2) Check the releases. Here you can find a PDF, an archive containing the sources, and a DocX document for any given tagged version. Please note that the documents are generated automatically per tag.

3) Get the book as a printed version. A hardcopy of the book can be ordered via lulu.com. This version of the book is not completely aligned with book printing standards, but we are improving each version. If you recognize any issues or mistakes, even small ones, please raise an issue so we can fix it in the next version.

4) Get the e-book. The book is available for free, but you can choose to purchase it at a price of your choice if you wish to support our project. All funds raised through sales of the e-book go directly into the project budget and will be used to fund the production of future releases.

5) Clone the repository and run the document generator (requires Docker). This produces the PDF, Epub, Mobi, and DOCX in the root of the MSTG folder.


$ git clone https://github.com/OWASP/owasp-mstg/

$ cd owasp-mstg/

$ ./tools/docker/run_docker_mstg_generation_on_local.sh

6) Just check the latest build of the repository at Github actions.

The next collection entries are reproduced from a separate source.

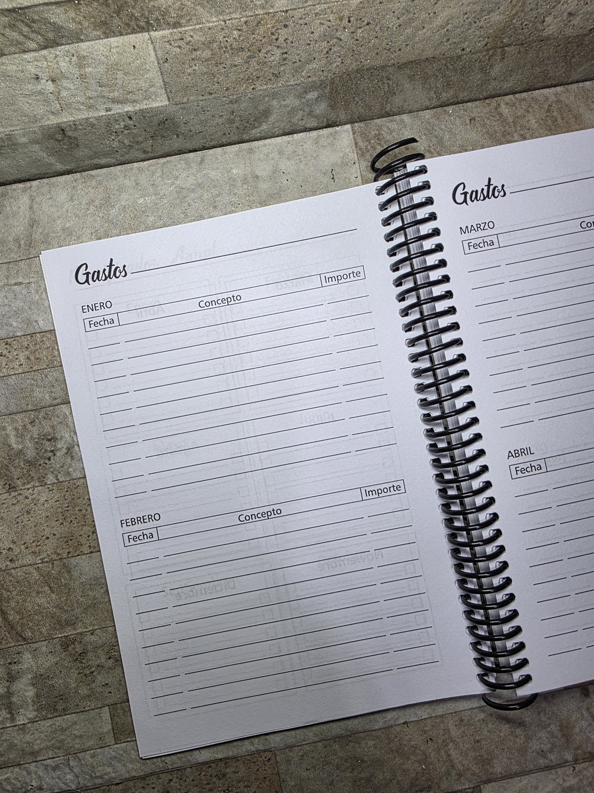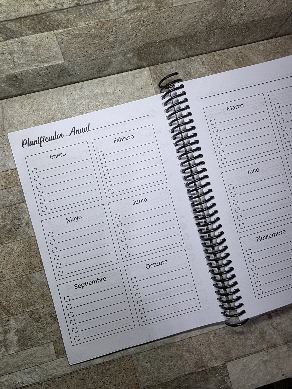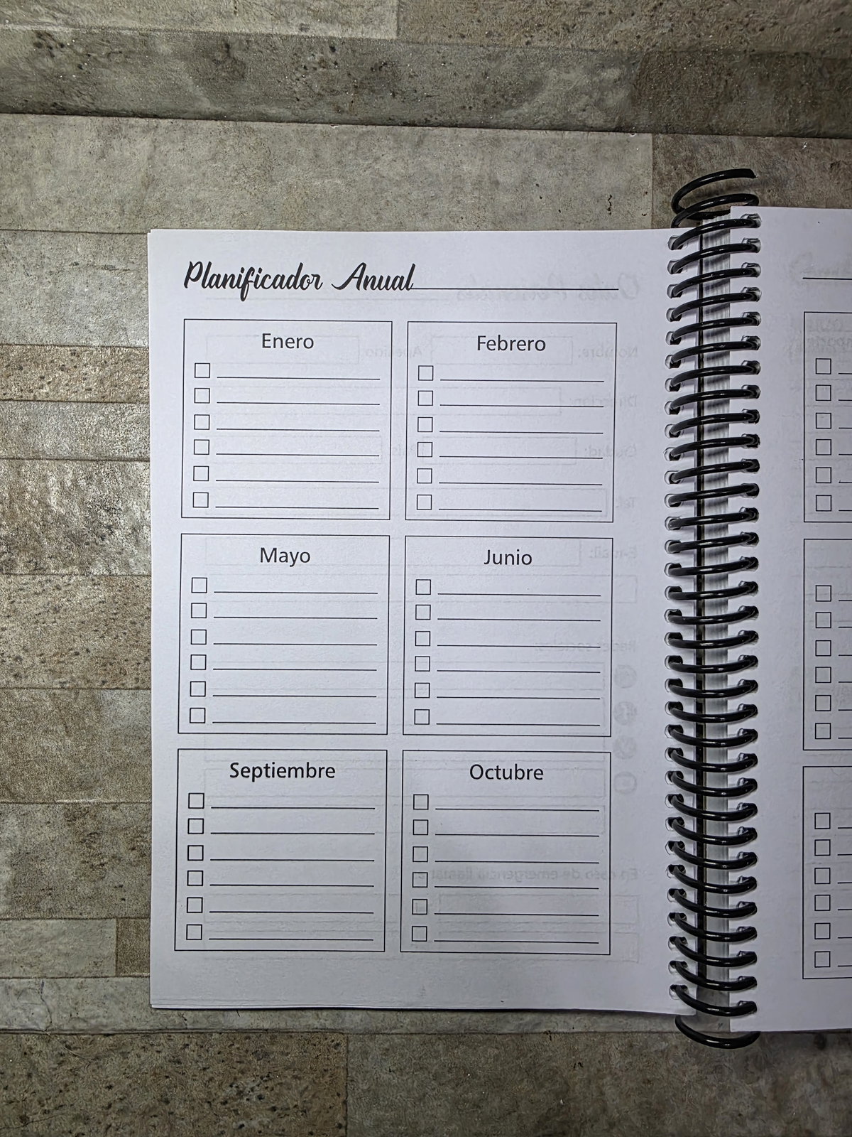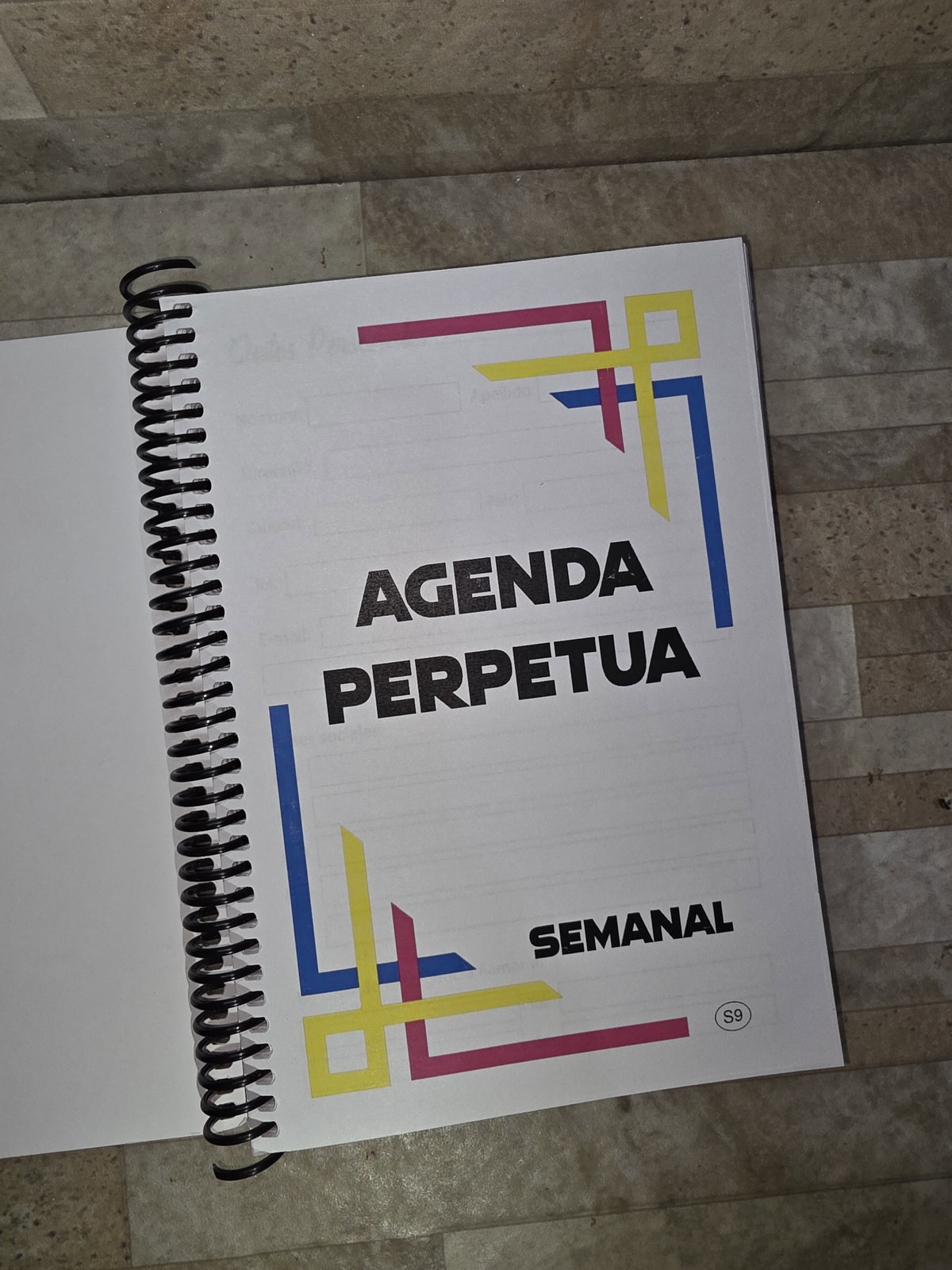 Secciones: Datos Personales, planificador anual, gastos, 2 días por hoja con horario de 8 a 22hs, notas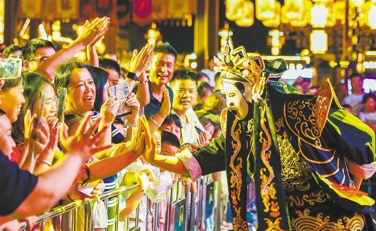 8月18日,在四川省广元市剑阁县“大蜀道不夜三国城”,川剧演员与游客互动。近年来,该县打造的夜间文旅消费集聚区受到游客欢迎。游 青摄(中经视觉)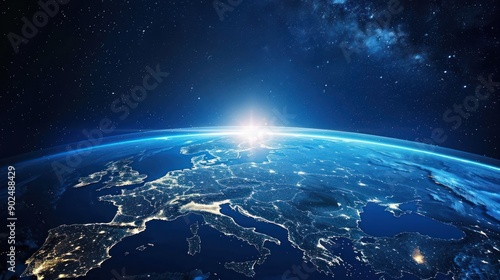 Earth's Surface with Europe Illuminated at Night with Stars and the Milky Way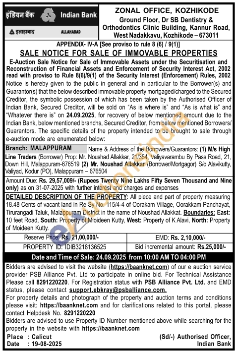 All piece and part of property measuring 18.48 Cents of vacant land in Re Sy No. 115/4-4 of Oorakam Village, Oorakkam Panchayat, Tirurangadi Taluk, Malappuram District in the name of Noushad Allakkat. Boundaries: East: 10 feet Road, South: Property of Mioideen Kutty, West: Property of K Alavi, North: Property of Moideen Kutty.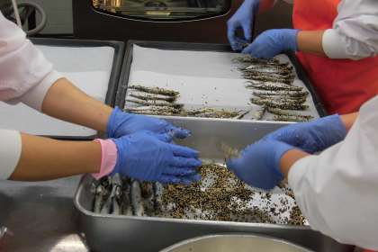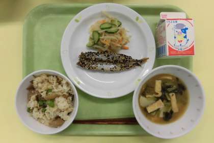 今日の主食は豚肉とごぼうのごはんです。豚肉とごぼうにしょうゆ・みそ・さとう・しょうがを加えて味をしみ込ませ、ご飯と混ぜ合わせました。みそ汁には、東京都江戸川区産の小松菜が入っています。写真は、ししゃもにごまをまぶしている様子です。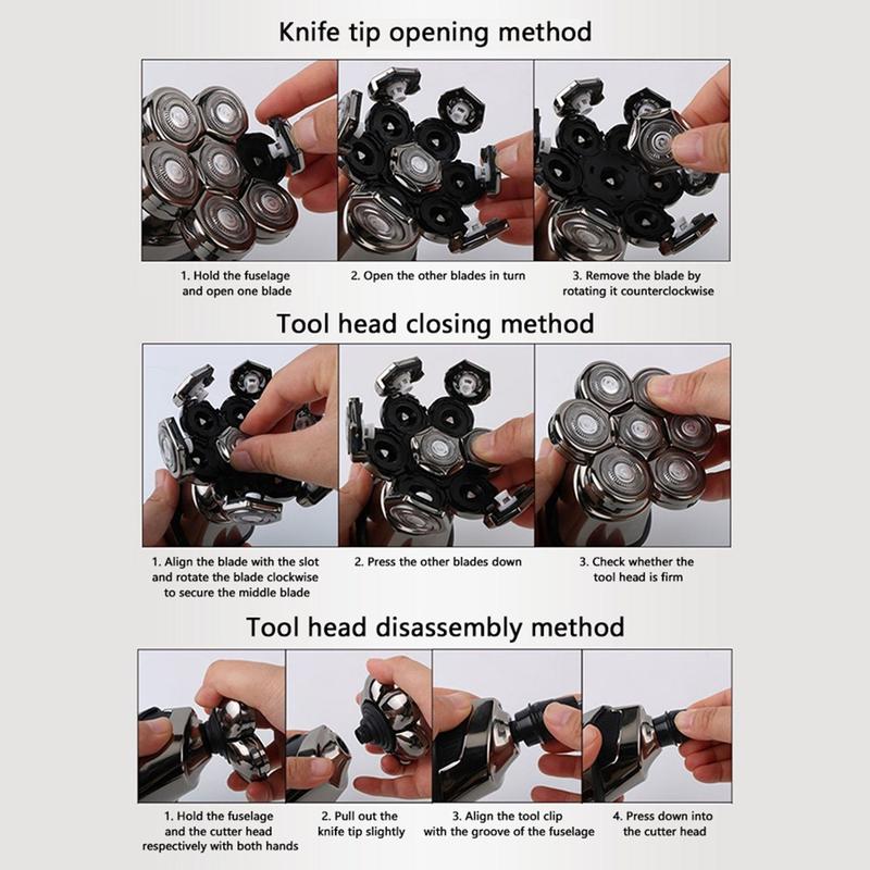 - De flytende barberhodene er konstruert for å tilpasse seg ansikts- og hodebunnskonturene, noe som reduserer irritasjon og forbedrer barberingskvaliteten.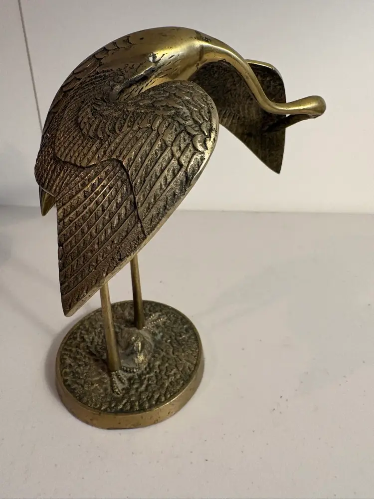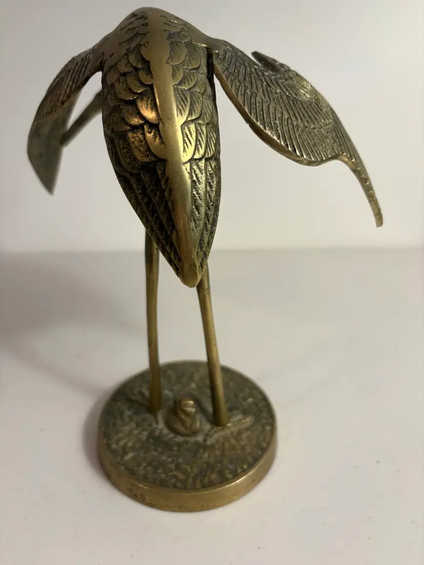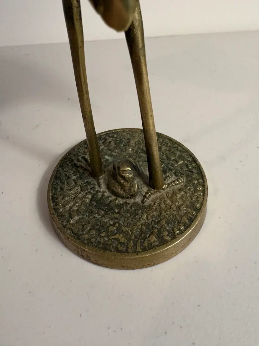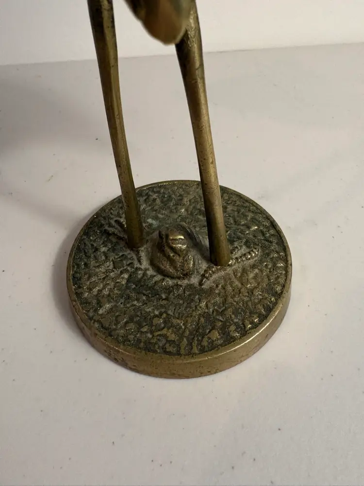 This vintage MCM brass crane egret heron statue sculpture is a beautifully handcrafted figurine made of brass, featuring a natural patina that adds to its charm. Originating from Korea, Republic of, this coastal bird sculpture captures the essence of nature with its intricate design and craftsmanship. Perfect for collectors of metalware or those who appreciate unique decorative pieces, this piece adds a touch of elegance and nostalgia to any space.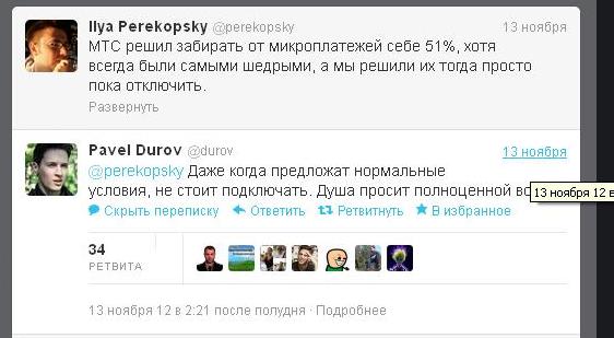 Показательно, что, по сведениям СМИ, такую же «операцию» МТС ранее провела по отношению к сети «Одноклассники». Тогда администрация сайта лишь получила уведомление о повышении, и готовится обсудить предстоящее решение, а вот основатель сети «Вконтакте» Павел Дуров просто-напросто заблокировал возможность оплаты услуг при помощи МТС.

This offers you the latest SNAPSHOT version of the document to download.

@undercodeTesting
@UndercodeHacking
@UndercodeSecurity
▁ ▂ ▄ U𝕟𝔻Ⓔ𝐫Ć𝔬𝓓ⓔ ▄ ▂ ▁

Detailed fresh Proxies List


https://pastebin.com/B4VVS0K9

▁ ▂ ▄ U𝕟𝔻Ⓔ𝐫Ć𝔬𝓓ⓔ ▄ ▂ ▁

🦑A GOOD PROXIES LIST :

http://travelvpn.info
http://www.proxy-2014.com
http://anonymouse.org
http://surf-for-free.com
http://greatestfreeproxy.com
https://www.crazyproxy.org
http://websurfproxy.me
http://viewyoutube.net
http://www.unblockmyweb.com
http://youserver.nu
https://www.mehide.asia
http://fastusaproxy.com
http://canadaproxy.info
http://justunblockit.com
http://proxyinternet.info
http://webproxyfree.net
https://www.extremeproxy.us
http://krproxy.info
http://hostapp.eu
https://funproxy.net
http://zendproxy.com
https://www.networkbypass.com
http://dzhot.us
https://www.proxypirate.co.uk
http://www.zalmos.com
https://www.proxytube.info
http://interncloud.info
http://proxy4freedom.com
https://www.sslproxy.org.uk
http://vpnbrowse.com
http://proxys.pw
http://www.phproxysite.com

▁ ▂ ▄ U𝕟𝔻Ⓔ𝐫Ć𝔬𝓓ⓔ ▄ ▂ ▁

Practical PLC Programming (PLC II) —1.66 GB—

https://mega.nz/#F!igcEkCAI!Ml8NqStrX3jFiep_kFT1qg


🦑Process Visualization with HMI / SCADA (PLC III) 4.03 GB

https://mega.nz/#F!Ot8mwKJS!S3gGUemgM7cgF59zru7K2Q

▁ ▂ ▄ U𝕟𝔻Ⓔ𝐫Ć𝔬𝓓ⓔ ▄ ▂ ▁

🦑Website provides Paid vcc :

https://myvcc.biz/

https://dreamweavervcc.com/

https://entropay.com/

https://ezzocard.com/

https://supervcc.com/

https://egiftcards24.com/

https://instavcc.com/

http://vccguru.com/

https://wirexapp.com/


▁ ▂ ▄ U𝕟𝔻Ⓔ𝐫Ć𝔬𝓓ⓔ ▄ ▂ ▁

▁ ▂ ▄ U𝕟𝔻Ⓔ𝐫Ć𝔬𝓓ⓔ ▄ ▂ ▁

🦑NEW TERMUX PACKAGES :

aircrack-ng yes pkg install root-repo
pkg


bettercap yes pkg install root-repo
pkg install bettercap


metasploit no pkg install unstable-repo
pkg install metasploit


nmap recommended pkg install nmap


tshark yes pkg install root-repo
pkg install tshark


sqlmap no pkg install unstable-repo
pkg install sqlmap


wireshark-gtk yes pkg install x11-repo
pkg install wireshark-gtk

▁ ▂ ▄ U𝕟𝔻Ⓔ𝐫Ć𝔬𝓓ⓔ ▄ ▂ ▁

▁ ▂ ▄ U𝕟𝔻Ⓔ𝐫Ć𝔬𝓓ⓔ ▄ ▂ ▁

🦑Analysis of the OpenSSL program concept and the "heart bleeding" vulnerability that shocked the industry

Public key/private key/signature/verify signature/encryption/decryption/asymmetric encryption

1) Our general encryption is to use a password to encrypt a file, and then decrypt it with the same password. This is easy to understand, this is a symmetric encryption.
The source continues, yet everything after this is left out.